What to do =>
The output must consist only of the lines from the one with "近期,一种新型诈骗浮出水面。" through the end of the listing, restated exactly and free of pictures.

Source material =>
###

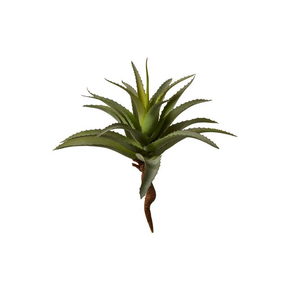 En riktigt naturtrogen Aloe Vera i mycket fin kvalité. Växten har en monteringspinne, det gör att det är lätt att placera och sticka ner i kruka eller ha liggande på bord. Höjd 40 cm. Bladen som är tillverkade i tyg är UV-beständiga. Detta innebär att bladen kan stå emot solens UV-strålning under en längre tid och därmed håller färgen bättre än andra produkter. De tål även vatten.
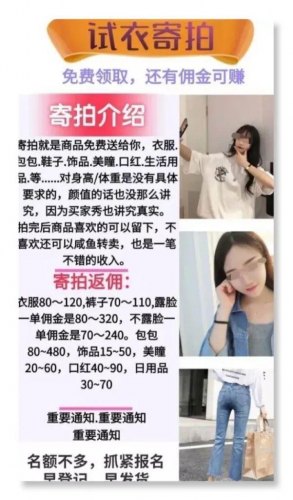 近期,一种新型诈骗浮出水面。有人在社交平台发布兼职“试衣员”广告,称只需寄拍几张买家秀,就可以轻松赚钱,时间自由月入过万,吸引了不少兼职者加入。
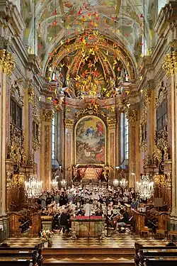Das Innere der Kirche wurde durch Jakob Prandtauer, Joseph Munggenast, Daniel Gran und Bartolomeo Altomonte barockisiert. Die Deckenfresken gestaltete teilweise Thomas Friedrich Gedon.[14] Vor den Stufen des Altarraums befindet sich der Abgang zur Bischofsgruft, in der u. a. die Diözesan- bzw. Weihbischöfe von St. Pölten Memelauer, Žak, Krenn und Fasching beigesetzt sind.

###

Answer space =>
 近期,一种新型诈骗浮出水面。有人在社交平台发布兼职“试衣员”广告,称只需寄拍几张买家秀,就可以轻松赚钱,时间自由月入过万,吸引了不少兼职者加入。
Das Innere der Kirche wurde durch Jakob Prandtauer, Joseph Munggenast, Daniel Gran und Bartolomeo Altomonte barockisiert. Die Deckenfresken gestaltete teilweise Thomas Friedrich Gedon.[14] Vor den Stufen des Altarraums befindet sich der Abgang zur Bischofsgruft, in der u. a. die Diözesan- bzw. Weihbischöfe von St. Pölten Memelauer, Žak, Krenn und Fasching beigesetzt sind.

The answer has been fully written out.